Because official data on regional energy consumption are available for only until 2019, the range of prediction in this paper was set from 2004 to 2019. However, the official GDP data have been updated to the third quarter of 2021. Although the outbreak of COVID-19 has had a significant impact on China’ s economy, the GDP of each region in 2020, except Hubei, has continued to increase. The average GDP growth of each region in the first three quarters of 2021 was above 9% (National Statistical Bureau, 2021). Section 4.3.1 showed a strong relationship between the GDP and energy consumption. The economic development and energy consumption in each region are still intimately related. To maintain economic growth in the post-pandemic period, most regional governments are likely to adopt loose policies for dual control management, because of which total energy consumption will continue to grow. A suitable target and management for dual control should be formulated according to the characteristics of each region, especially the western region that has undergone a significant growth in energy consumption in recent years: Ningxia, Neimenggu, Gansu, and Xinjiang. These regions are rich in clean energy resources but poor in energy technology. Regional governments should control the growth in energy consumption and increase investment in the high-energy technology industry (Chen et al., 2010). Central hinterland areas, such as Shanxi, Hubei, Hebei, and Henan, have large resources of fossil energy, and their industrial structure is dominated by energy-intensive enterprises. Regional governments there should optimize the industrial structure, reduce energy consumption and highly polluting industries, and increase high value-added industries and efficiency of energy use (Wang et al., 2016; Yang & Wang, 2013). Such developed eastern such as Beijing, Tianjin, Shanghai, and Zhejiang are economically strong, highly efficient in terms of energy utilization, and technologically advanced. However, they have insufficient energy resources. Energy supply and demand should be balanced to prevent energy shortages (Hou et al., 2021).

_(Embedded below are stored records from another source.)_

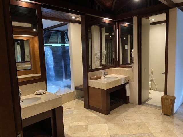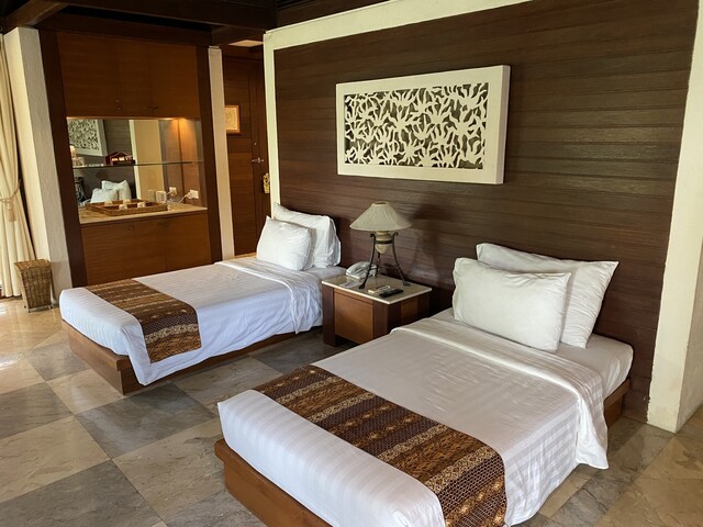 インドネシアのゴルフ場は宿泊施設が併設されていることが多く、こちらのゴルフ場にもコテージが準備されています。ですが、建物はかなり古くメンテナンスも微妙です。泊まるということだけを考えるのであれば十分ですが、ゴルフリゾートを楽しむつもりで来ると拍子抜けすると思います。プールの横にはレストランも有り、こちらのステーキは中々美味しいと評判なのですが、宿泊当日はコロナの影響なのかCloseしていましたので、夕食は外に食べに行きました。詳細は別記事で。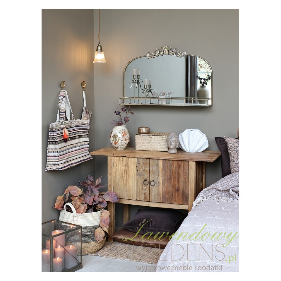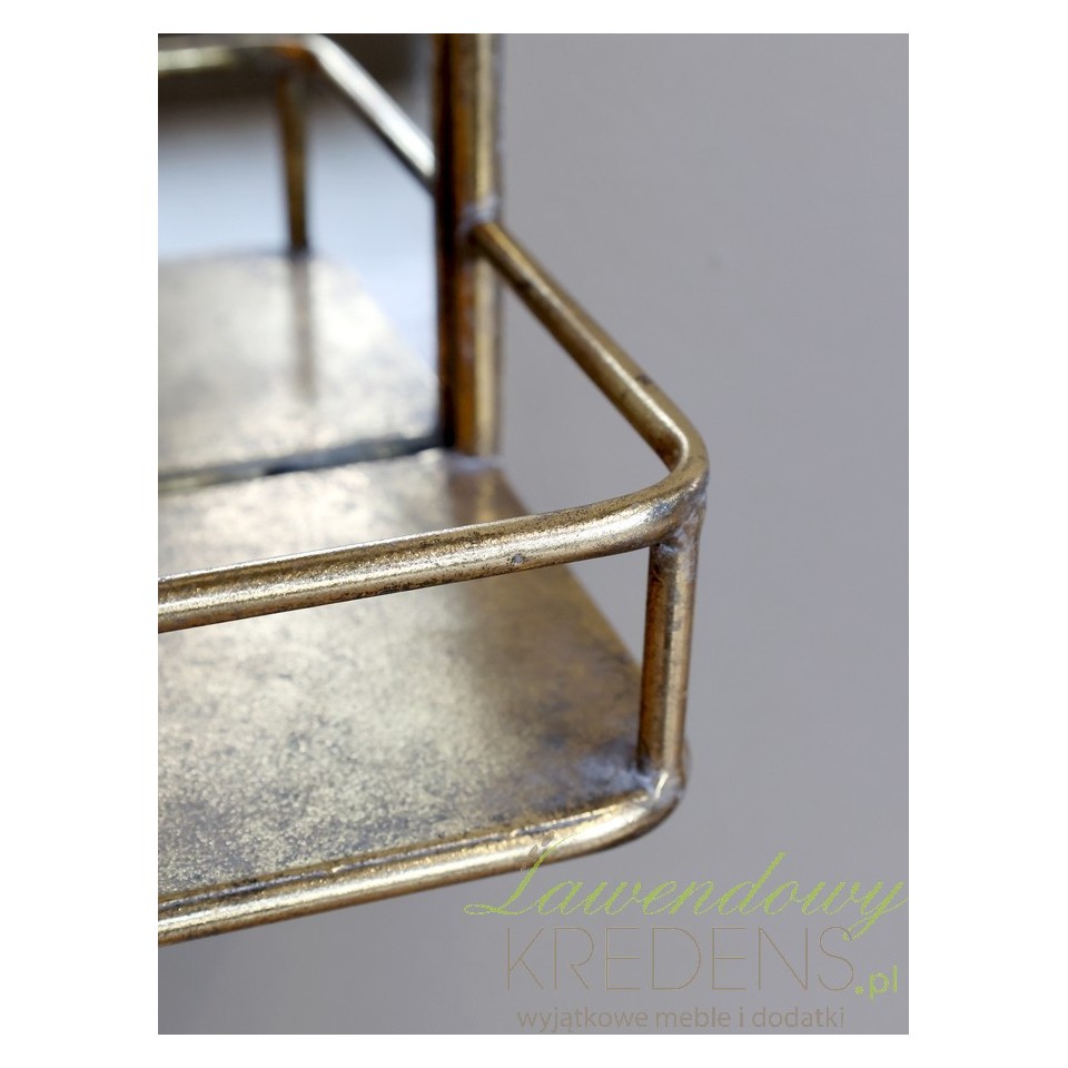 Umieszczona pod taflą lustra półka pełni rolę zarówno ozdobną, jak i użytkową. To idealne miejsce na świece, drobne dekoracje czy kosmetyki, co sprawia, że mebel zyskuje dodatkowy wymiar praktyczności. Dzięki temu lustro świetnie odnajduje się nie tylko w salonie, ale również w sypialni, garderobie czy przedpokoju. Jego solidna konstrukcja zapewnia stabilność, a złote wykończenie podkreśla luksusowy charakter.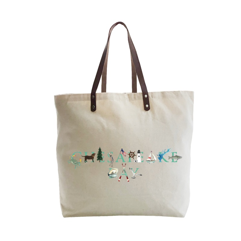 Large cotton canvas tote with leather handle is 22″ x 15″ x 5.5″ and looks great with our original Tina Labadini Designs art. Our stylish totes are fun accessories and make great gifts.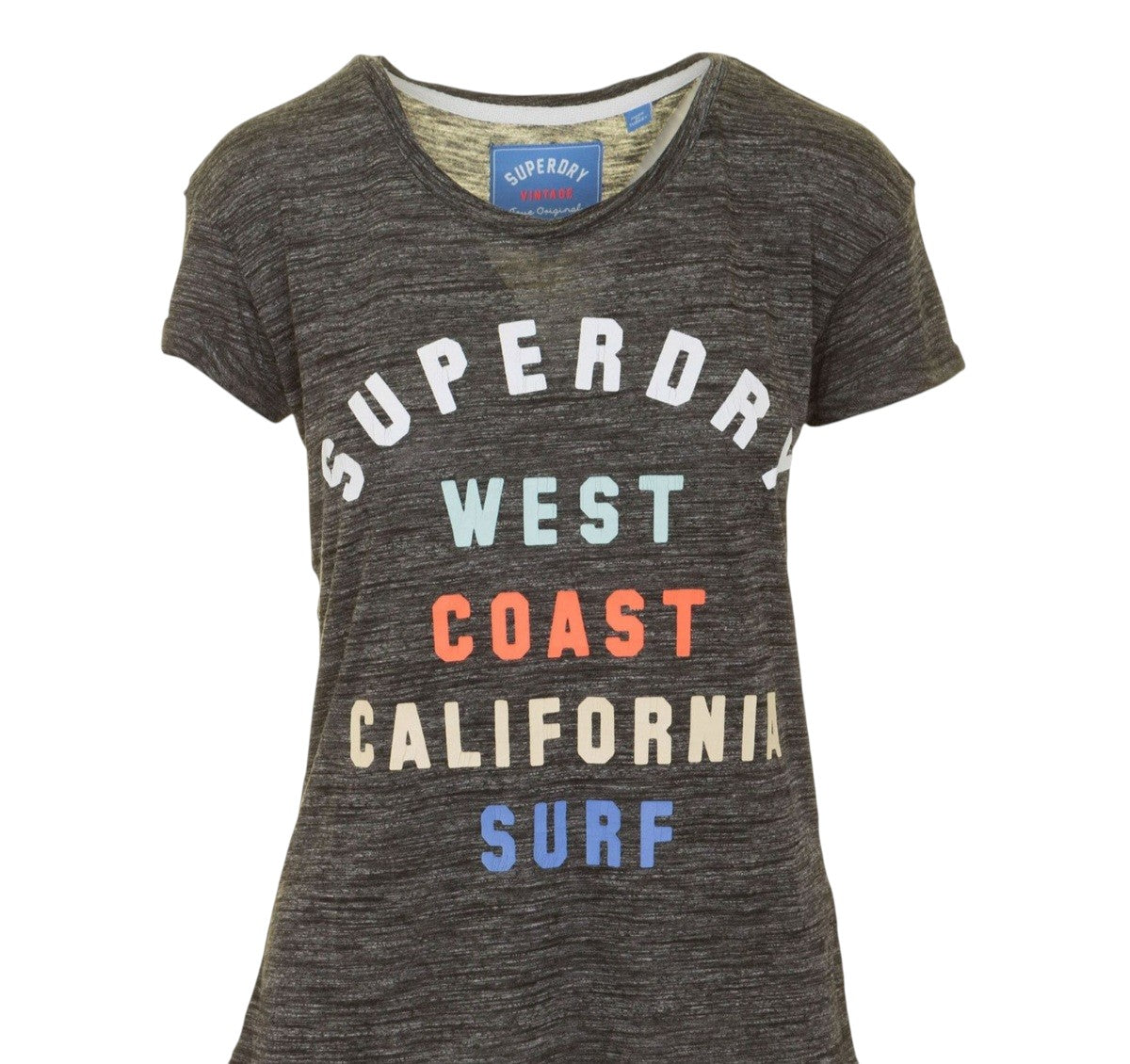 Címke nélküli, sötétszürke melírozott, pamut, laza fazon, kerek nyak, rövid ujj, "SUPERDRY WEST COAST CALIFORNIA SURF" felirat fehér, türkiz, narancs és bézs színekben.

We used only one meta-heuristic algorithm, the GWO algorithm, to optimize the parameters of ANDGM(1,N) without comparing it with other optimization algorithms. This is because we focused on establishing a prediction model suitable for regional energy consumption, instead of comparing the influence of the algorithm on the results of prediction in the context of parameter optimization. The goal of a meta-heuristic algorithm is to find a feasible solution within acceptable time rather than the best solution (Kunche & Reddy, 2016). As we described in Sect. 3.4, commonly used meta-heuristics algorithms are suitable for optimizing the parameters of grey prediction models, and the GWO algorithm has advantages in terms of attaining the global optimal solution, stability, and speed of convergence. Therefore, we used it to optimize the parameters of the proposed ANDGM(1,N). In future work, we intend to compare the influence of parameter optimization on the results of prediction.

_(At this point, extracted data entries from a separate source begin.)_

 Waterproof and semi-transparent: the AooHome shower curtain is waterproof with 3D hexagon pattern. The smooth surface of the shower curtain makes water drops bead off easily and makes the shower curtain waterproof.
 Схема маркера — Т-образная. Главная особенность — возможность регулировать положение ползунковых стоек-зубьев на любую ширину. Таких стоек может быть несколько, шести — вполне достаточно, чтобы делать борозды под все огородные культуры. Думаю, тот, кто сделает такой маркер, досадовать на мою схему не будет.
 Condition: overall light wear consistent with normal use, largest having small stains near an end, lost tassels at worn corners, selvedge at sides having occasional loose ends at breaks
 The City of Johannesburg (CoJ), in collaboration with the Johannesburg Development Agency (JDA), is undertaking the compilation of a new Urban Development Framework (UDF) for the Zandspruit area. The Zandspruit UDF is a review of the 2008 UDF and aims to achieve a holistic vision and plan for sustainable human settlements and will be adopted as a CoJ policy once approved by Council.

Although the proposed ANDGM(1,N) outperformed the other models considered, its predictive accuracy for some regions has room for improvement. A feasible way to improve its accuracy is to apply residual correction (Hu, 2017a). Thus, constructing a residual ANDGM(1,N) may be an interesting direction in future research. Many studies have indicated that model combination is conducive to improving the accuracy of predictive models (Li et al., 2019). Therefore, predicting energy consumption using combined models will be a focus of our future work. Another important indicator of China’s dual control targets is energy intensity, and a model to accurately predict energy intensity should be considered in future work in the area.